A standardized, structured questionnaire was used to collect information regarding maternal sociodemographic, medical, reproductive, and lifestyle characteristics during in-person interviews. All interviews were conducted in the hospital. Maternal and infant records were reviewed to collect detailed information concerning antepartum, labor, and delivery characteristics and the condition of the newborn infants. Maternal anthropometric measures (height, weight, and midarm circumference) were taken during the participants' hospital stay. Gestational age was based on the date of the last menstrual period and was confirmed by ultrasound examination. Prepregnancy body mass index, used as a measure of overall maternal adiposity, was calculated as weight (kg)/height (m)2. Blood samples collected in 10-ml ethylenediaminetetraacetic acid (EDTA) Vacutainer tubes (Becton Dickinson and Company, E. Rutherford, New Jersey) were immediately transported in a cooler with ice to the Blood Bank Laboratory of Dos de Mayo Hospital. Upon arrival at the laboratory, blood was centrifuged and plasma was divided into 1.0- to 2.0-ml aliquots, placed in cryovials, and stored at -70°C. Specimens were shipped on dry ice with blue ice packs to the United States for biochemical analyses.

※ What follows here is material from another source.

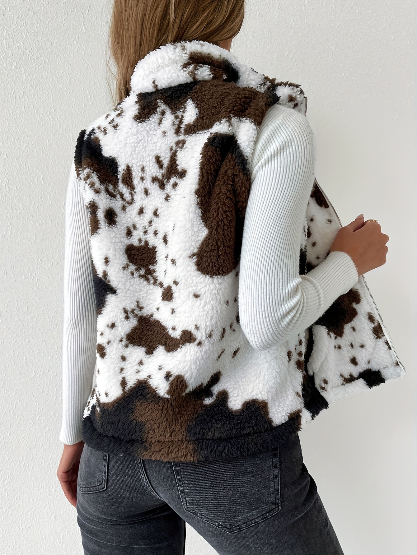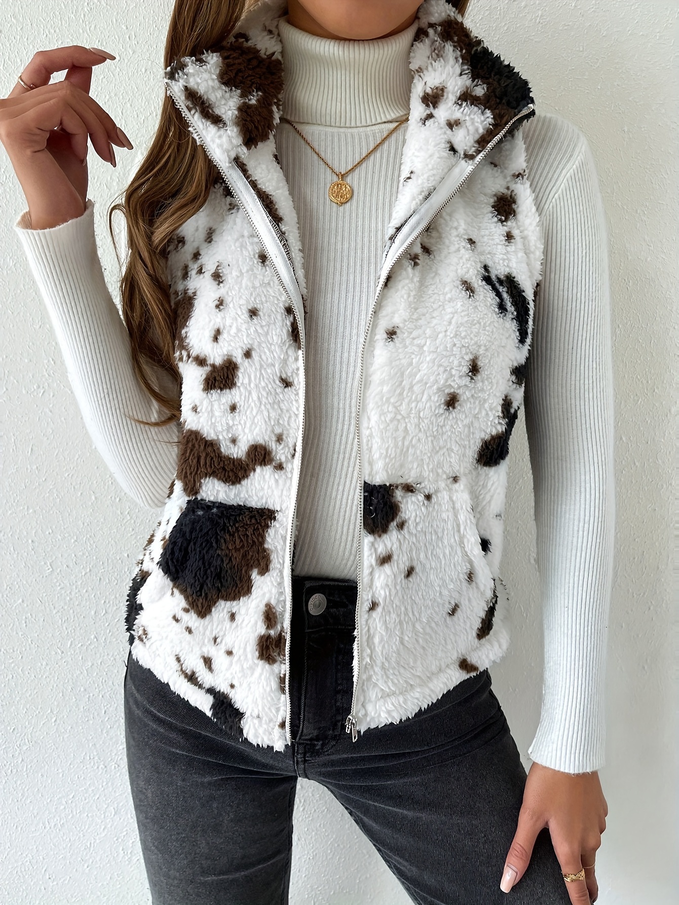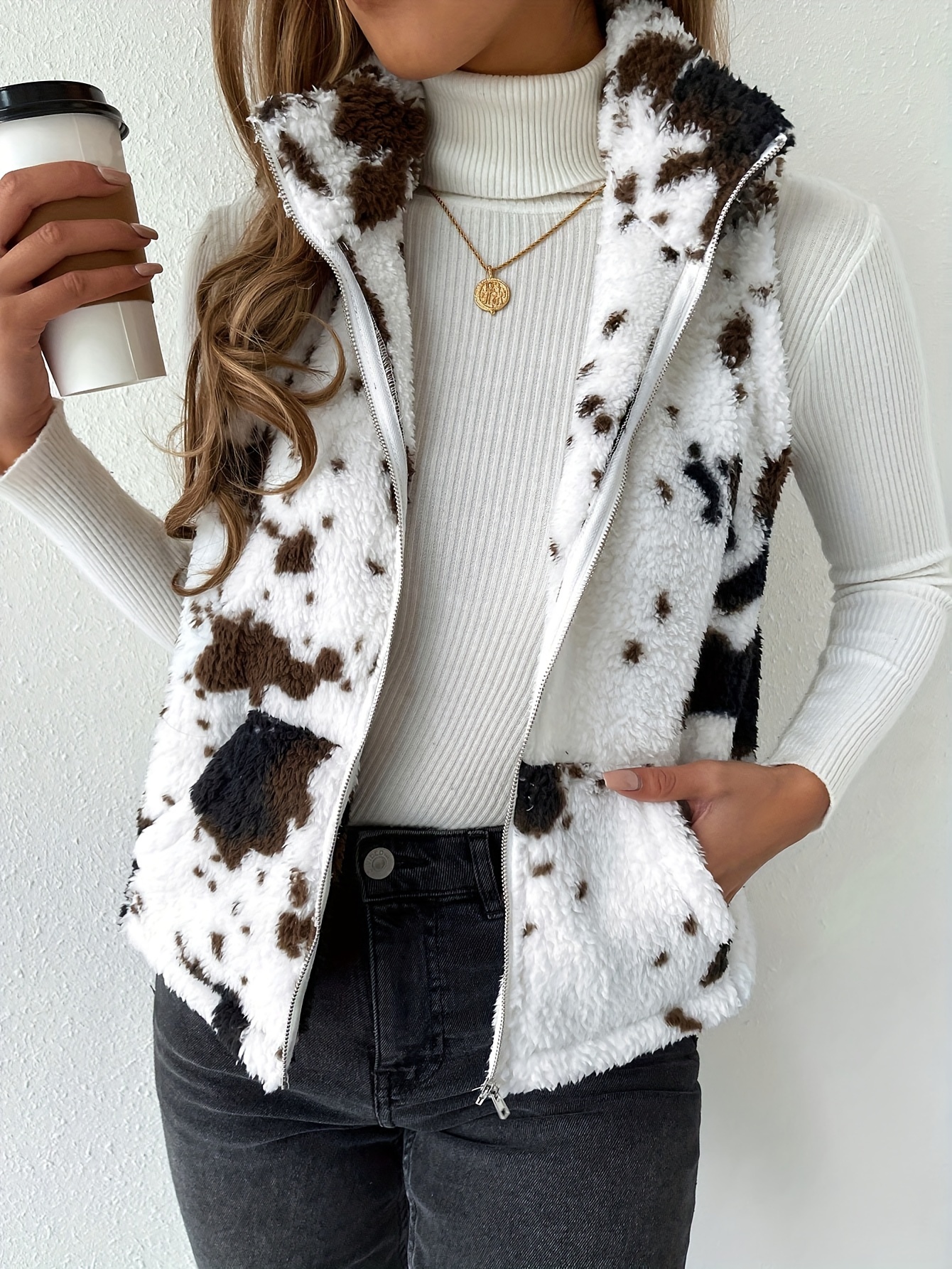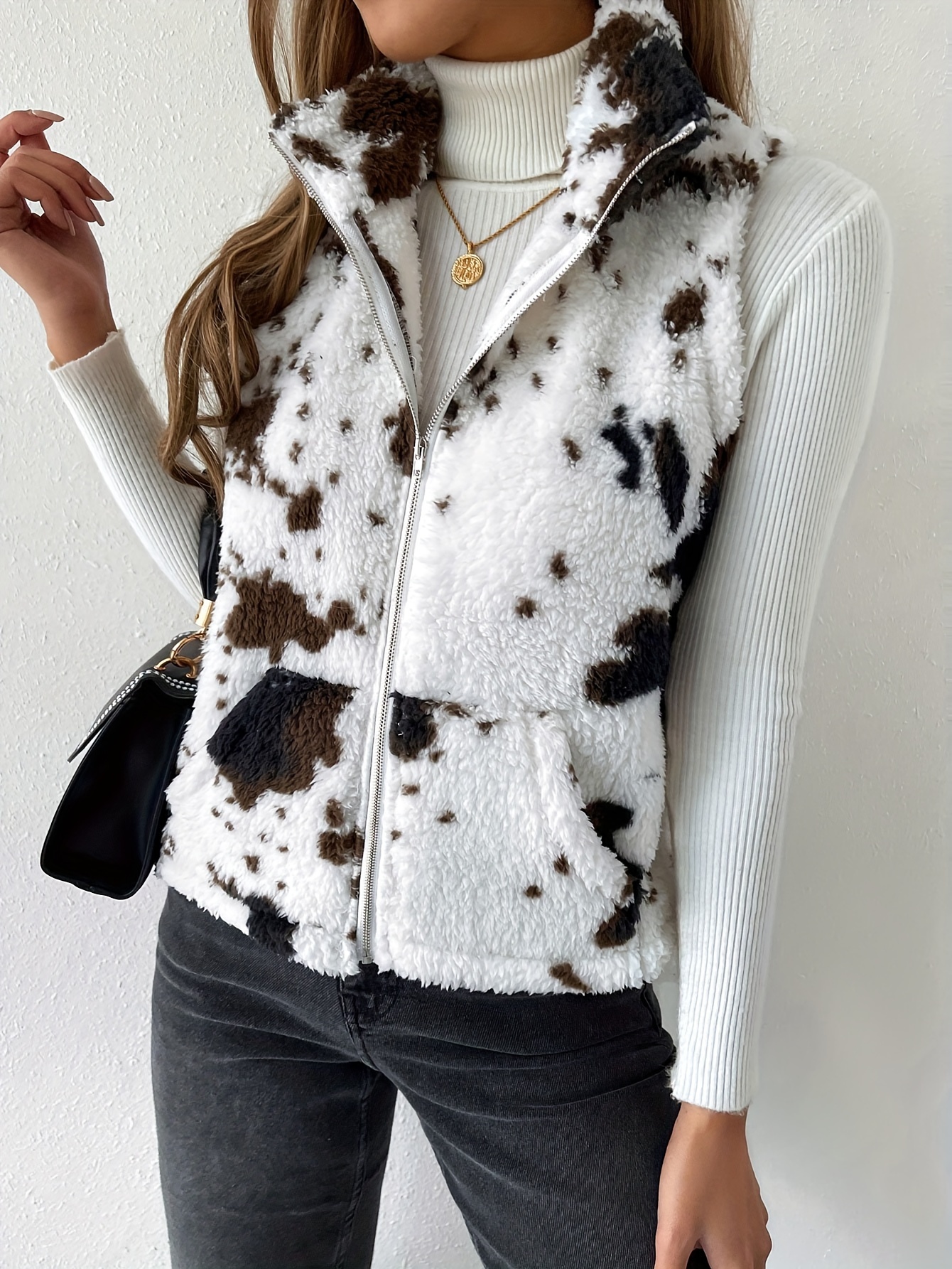 Elegant Special Spot Print Teddy Bear Vest Jacket, Zipper Plush Cardigan Gilet

Blood samples were available for 180 cases and 196 control subjects. After the exclusion of six cases and three control subjects with chronic hypertension diagnosed prior to pregnancy or during the first 20 weeks of the index pregnancy, 174 preeclampsia cases and 193 normotensive control subjects remained for study. Because maternal plasma antioxidant nutrients and lipid concentrations may change rapidly after parturition (19Go), we further excluded 49 preeclampsia cases and 14 controls for whom blood samples were drawn after delivery, thus leaving 125 cases and 179 controls for this research. Maternal sociodemographic and clinical characteristics were not materially different for those excluded subjects compared with those retained for this analysis.

Plasma antioxidant nutrients were measured by high performance liquid chromatography (HPLC). The HPLC assay was modified to expand analysis to include determination of lutein, zeaxanthin, and ß-cryptoxanthin concentrations. The extraction of analytes from plasma, the quality control parameters, and the HPLC methods were previously published (20Go). Briefly, a hexane extract of plasma was injected onto a 3-mm C-18 Spherisorb ODS-2 HPLC column (Alltech, Deerfield, Illinois) and eluted with an isocratic solvent consisting of 73 percent acetonitrile, 12 percent tetrahydrofuran, 8 percent methanol, 7 percent water, 0.025 percent ammonium acetate, and 0.05 percent diethylamine (volume/volume) at a flow rate of 1.2 ml/minute. Lutein, zeaxanthin, ß-cryptoxanthin, and lycopene were detected at 476 nm, {alpha}-carotene and ß-carotene were detected at 452 nm, {alpha}-tocopherol and {gamma}-tocopherol were detected at 292 nm, and retinol was detected at 325 nm. The coefficient of variation for pooled quality control samples was <=10 percent for all analytes. Plasma cholesterol was measured to calculate the ratio of vitamin E to cholesterol. Plasma total cholesterol concentrations were measured enzymatically (18Go). Total cholesterol measurements were standardized by the Lipid Standardization Program of the Centers for Disease Control and Prevention, Atlanta, Georgia. Triglycerides were analyzed by a glycerol phosphate oxidation assay. All laboratory analyses were performed without knowledge of pregnancy outcome.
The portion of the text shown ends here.